## RECORDS PROVIDED
★ ★ ★

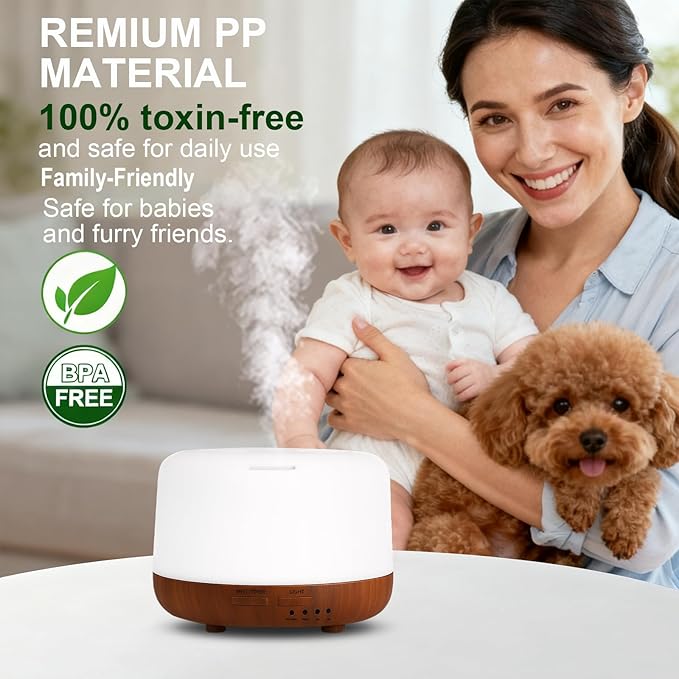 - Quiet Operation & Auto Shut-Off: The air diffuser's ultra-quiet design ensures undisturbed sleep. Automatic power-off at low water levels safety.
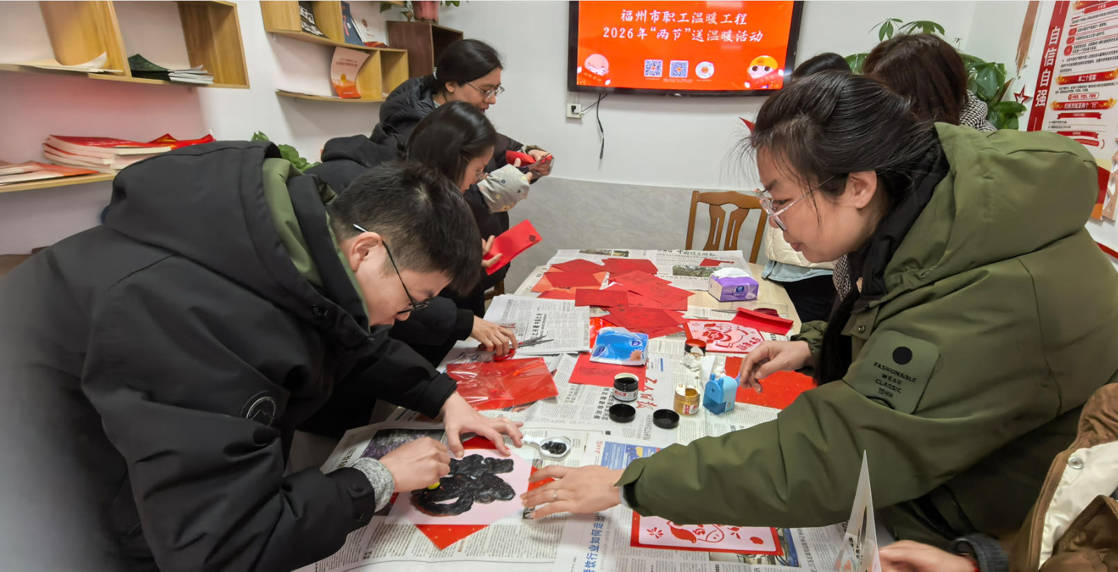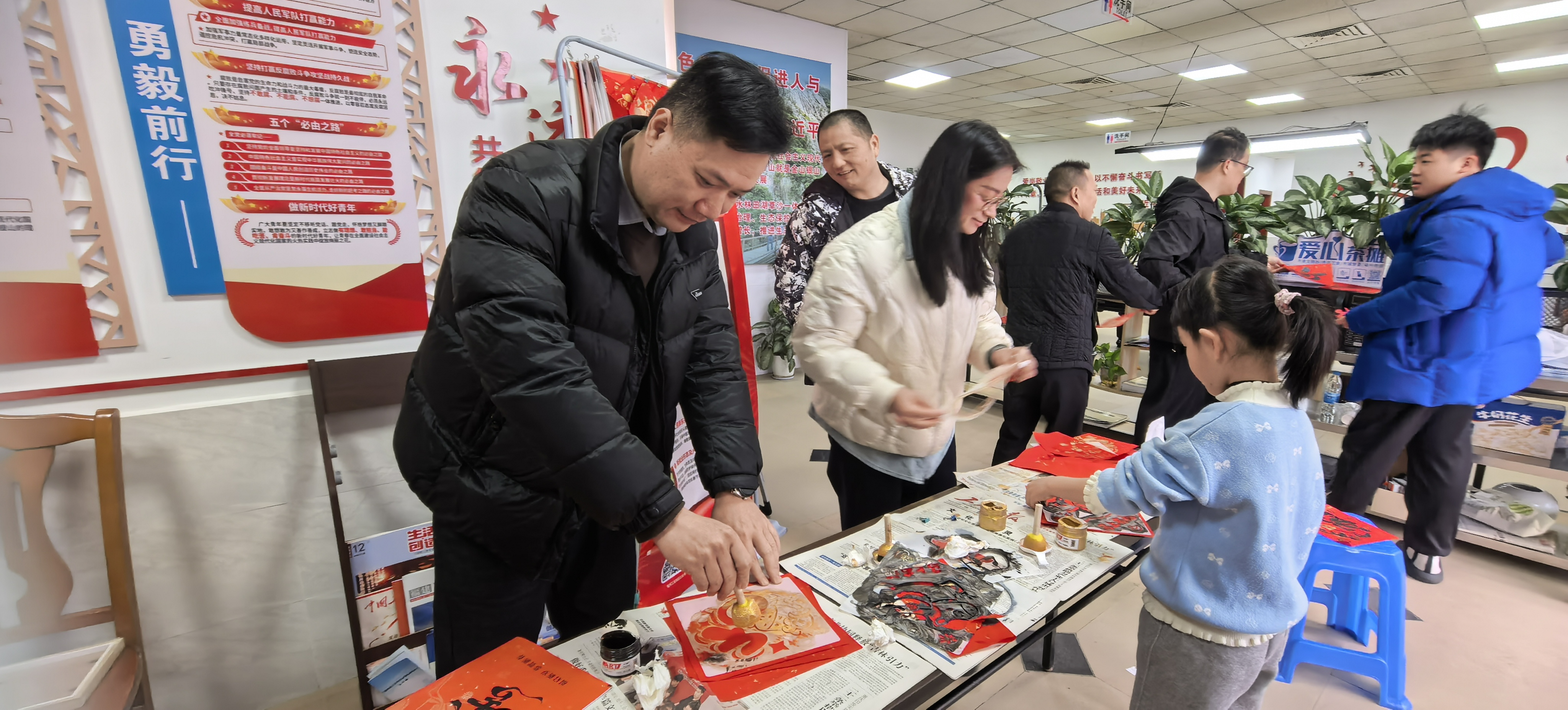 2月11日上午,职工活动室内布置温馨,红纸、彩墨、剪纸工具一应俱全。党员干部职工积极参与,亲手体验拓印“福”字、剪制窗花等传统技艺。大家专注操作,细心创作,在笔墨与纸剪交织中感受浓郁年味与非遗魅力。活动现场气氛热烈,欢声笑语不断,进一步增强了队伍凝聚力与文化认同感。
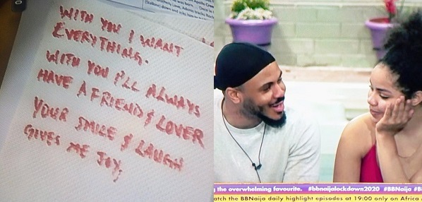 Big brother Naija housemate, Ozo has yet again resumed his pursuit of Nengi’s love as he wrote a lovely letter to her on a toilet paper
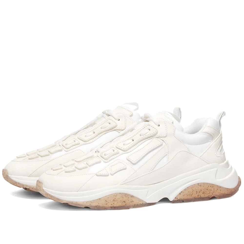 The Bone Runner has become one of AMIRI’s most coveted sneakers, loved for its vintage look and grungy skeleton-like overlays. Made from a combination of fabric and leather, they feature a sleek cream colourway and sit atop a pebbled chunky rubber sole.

★ ★ ★

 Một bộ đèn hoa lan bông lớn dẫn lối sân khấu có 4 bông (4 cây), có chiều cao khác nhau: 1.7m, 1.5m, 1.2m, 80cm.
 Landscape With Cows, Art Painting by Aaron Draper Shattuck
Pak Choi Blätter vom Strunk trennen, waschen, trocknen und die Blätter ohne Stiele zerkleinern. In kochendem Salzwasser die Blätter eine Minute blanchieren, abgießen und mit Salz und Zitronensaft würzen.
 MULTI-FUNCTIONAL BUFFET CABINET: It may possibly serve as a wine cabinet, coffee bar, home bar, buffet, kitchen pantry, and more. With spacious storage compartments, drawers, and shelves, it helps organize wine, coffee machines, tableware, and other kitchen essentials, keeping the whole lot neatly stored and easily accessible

★ ★ ★

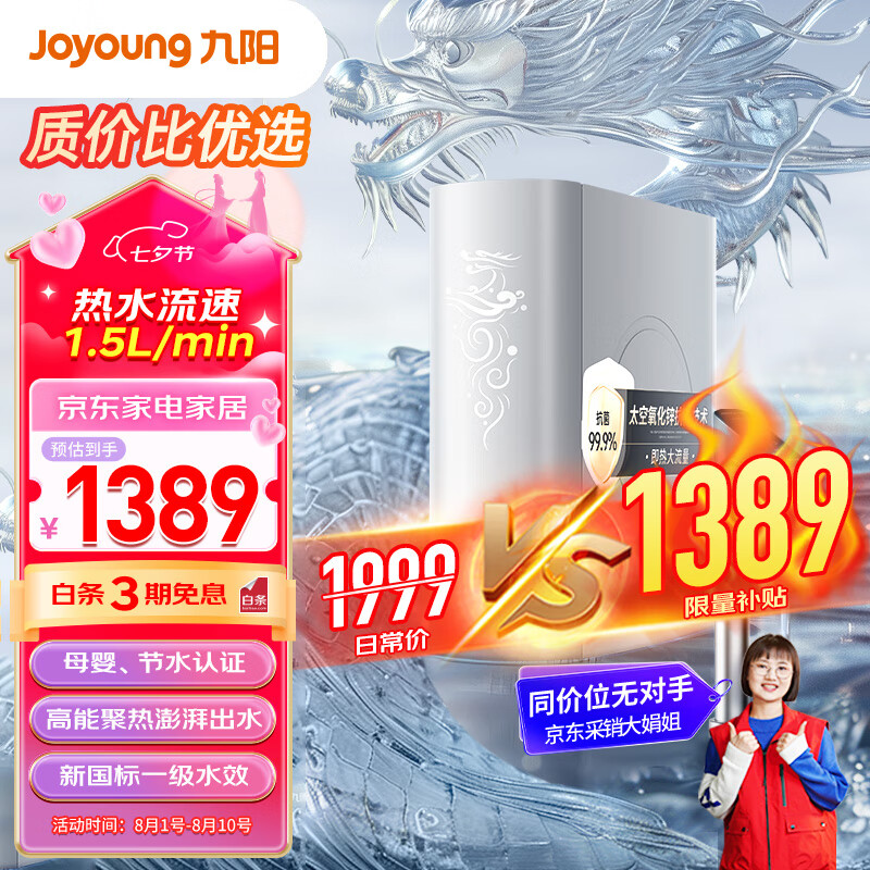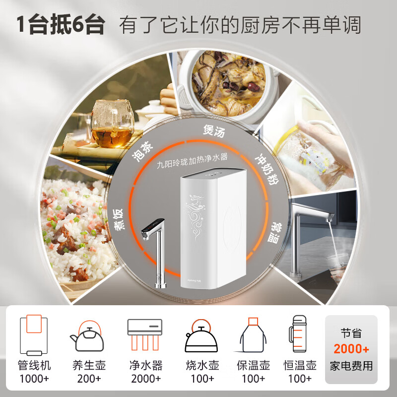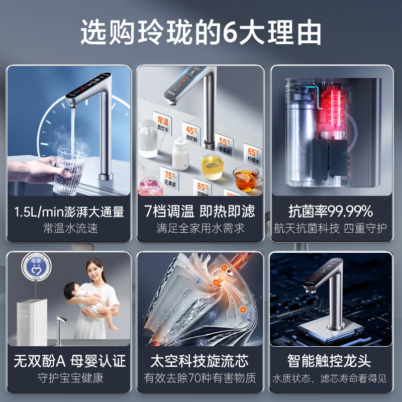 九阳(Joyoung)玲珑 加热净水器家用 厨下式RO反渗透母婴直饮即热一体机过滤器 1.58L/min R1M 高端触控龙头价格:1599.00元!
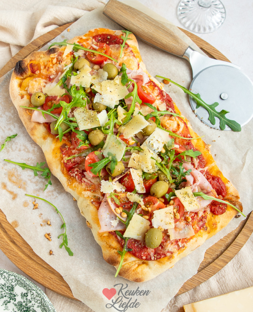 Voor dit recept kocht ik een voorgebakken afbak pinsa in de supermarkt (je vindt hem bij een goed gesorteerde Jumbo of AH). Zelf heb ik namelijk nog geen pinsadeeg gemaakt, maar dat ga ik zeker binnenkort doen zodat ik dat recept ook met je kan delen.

★ ★ ★

Search the material above for "With". Copy each line that has it.

 Landscape With Cows, Art Painting by Aaron Draper Shattuck
 MULTI-FUNCTIONAL BUFFET CABINET: It may possibly serve as a wine cabinet, coffee bar, home bar, buffet, kitchen pantry, and more. With spacious storage compartments, drawers, and shelves, it helps organize wine, coffee machines, tableware, and other kitchen essentials, keeping the whole lot neatly stored and easily accessible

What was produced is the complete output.